┌──

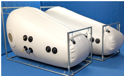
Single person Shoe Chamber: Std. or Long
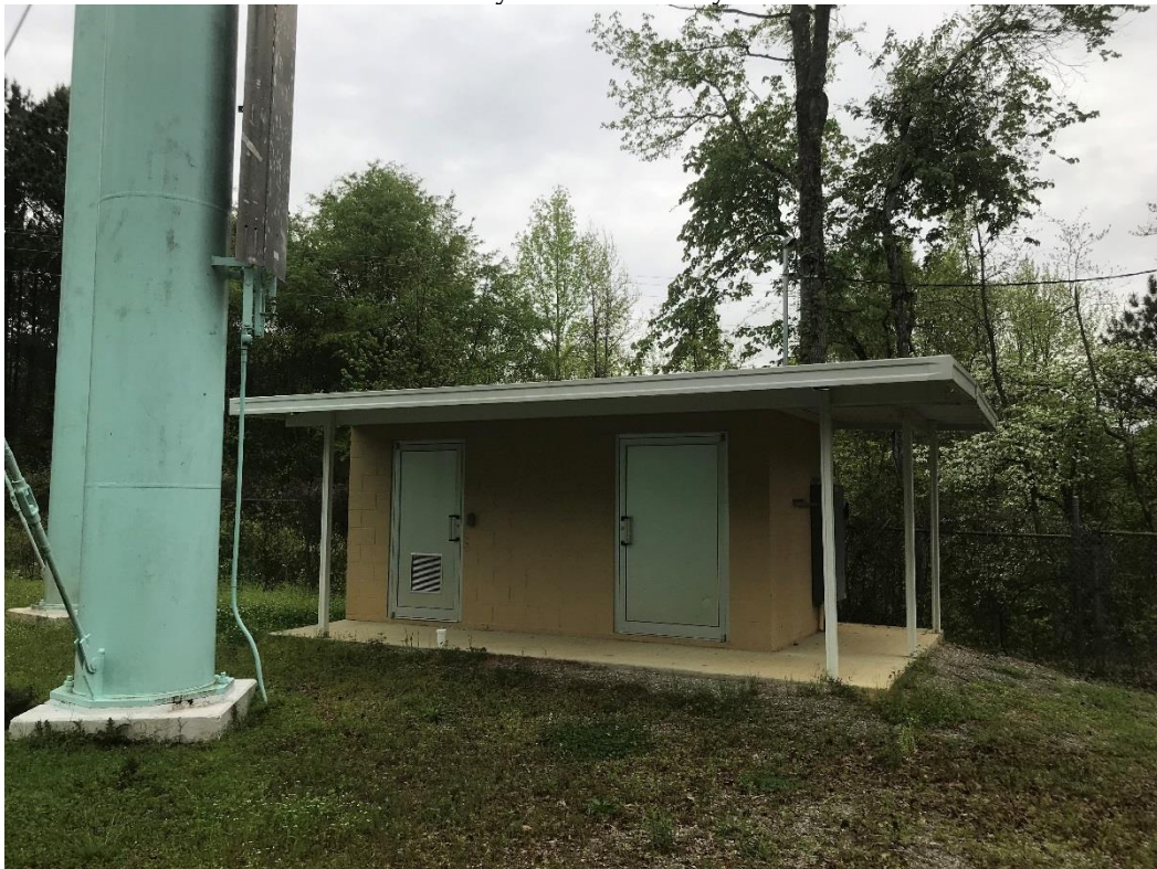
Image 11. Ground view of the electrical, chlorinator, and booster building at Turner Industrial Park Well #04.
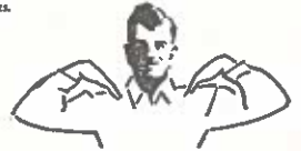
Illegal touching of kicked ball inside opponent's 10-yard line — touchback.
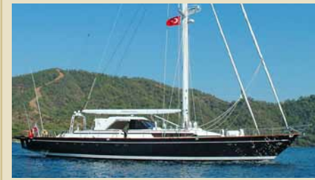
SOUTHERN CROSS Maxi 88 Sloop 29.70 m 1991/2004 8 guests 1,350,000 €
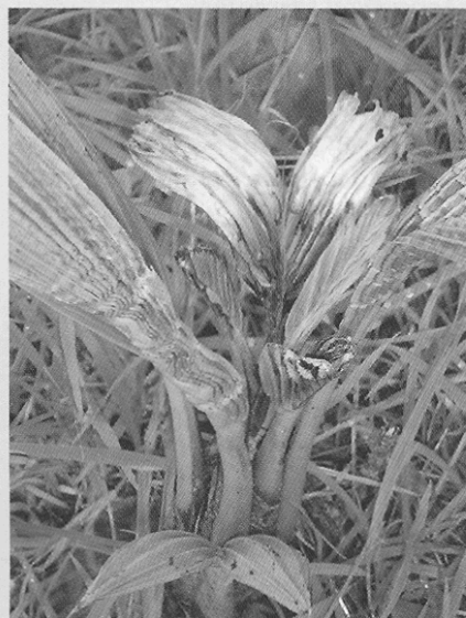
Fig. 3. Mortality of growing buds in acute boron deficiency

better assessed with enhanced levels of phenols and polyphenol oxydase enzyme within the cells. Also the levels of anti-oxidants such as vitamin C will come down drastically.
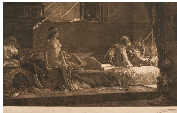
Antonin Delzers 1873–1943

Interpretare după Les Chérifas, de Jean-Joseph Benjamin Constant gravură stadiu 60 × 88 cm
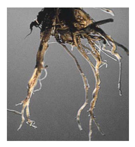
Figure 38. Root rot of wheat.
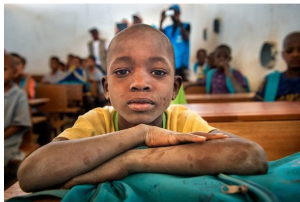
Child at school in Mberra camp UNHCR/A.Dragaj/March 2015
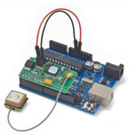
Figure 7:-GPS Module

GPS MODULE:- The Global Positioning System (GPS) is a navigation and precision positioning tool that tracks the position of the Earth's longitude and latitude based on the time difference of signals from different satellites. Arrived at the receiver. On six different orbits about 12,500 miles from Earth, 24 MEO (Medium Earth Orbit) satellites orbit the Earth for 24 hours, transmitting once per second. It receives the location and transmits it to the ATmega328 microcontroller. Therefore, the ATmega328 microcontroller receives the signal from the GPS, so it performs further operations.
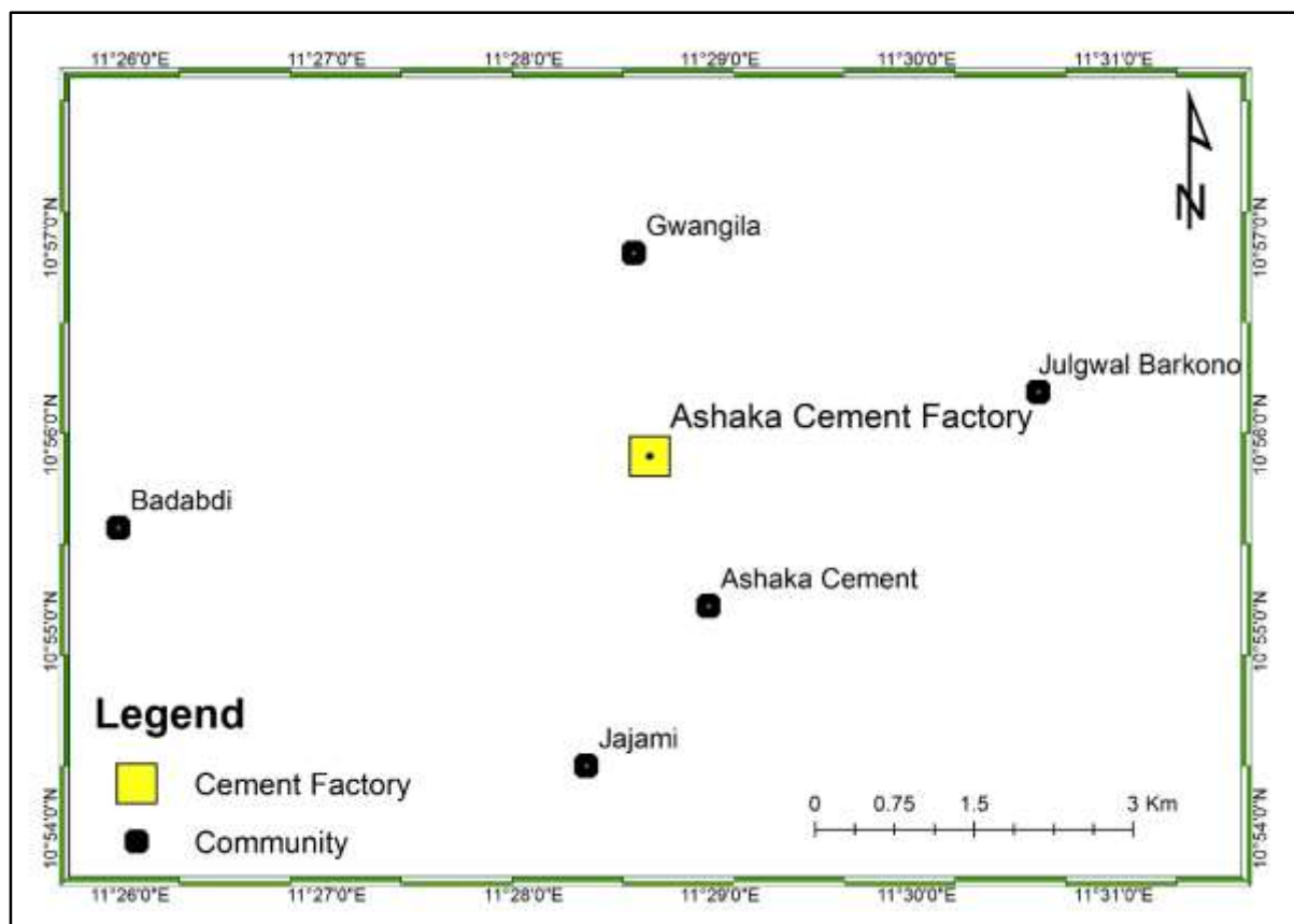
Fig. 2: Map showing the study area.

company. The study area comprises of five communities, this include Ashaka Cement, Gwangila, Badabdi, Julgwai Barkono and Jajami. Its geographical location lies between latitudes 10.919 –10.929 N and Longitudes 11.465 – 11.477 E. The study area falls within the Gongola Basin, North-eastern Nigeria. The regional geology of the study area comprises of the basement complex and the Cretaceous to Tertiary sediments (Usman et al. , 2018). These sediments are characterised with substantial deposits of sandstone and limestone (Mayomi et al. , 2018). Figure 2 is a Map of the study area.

└──

- _Work item_:
The copy has to start at the line that contains "Figure 7:-GPS Module" and end at the last line of the material above, matching the original exactly and holding no pictures.

- _Response to this exercise_:
Figure 7:-GPS Module

GPS MODULE:- The Global Positioning System (GPS) is a navigation and precision positioning tool that tracks the position of the Earth's longitude and latitude based on the time difference of signals from different satellites. Arrived at the receiver. On six different orbits about 12,500 miles from Earth, 24 MEO (Medium Earth Orbit) satellites orbit the Earth for 24 hours, transmitting once per second. It receives the location and transmits it to the ATmega328 microcontroller. Therefore, the ATmega328 microcontroller receives the signal from the GPS, so it performs further operations.
Fig. 2: Map showing the study area.

company. The study area comprises of five communities, this include Ashaka Cement, Gwangila, Badabdi, Julgwai Barkono and Jajami. Its geographical location lies between latitudes 10.919 –10.929 N and Longitudes 11.465 – 11.477 E. The study area falls within the Gongola Basin, North-eastern Nigeria. The regional geology of the study area comprises of the basement complex and the Cretaceous to Tertiary sediments (Usman et al. , 2018). These sediments are characterised with substantial deposits of sandstone and limestone (Mayomi et al. , 2018). Figure 2 is a Map of the study area.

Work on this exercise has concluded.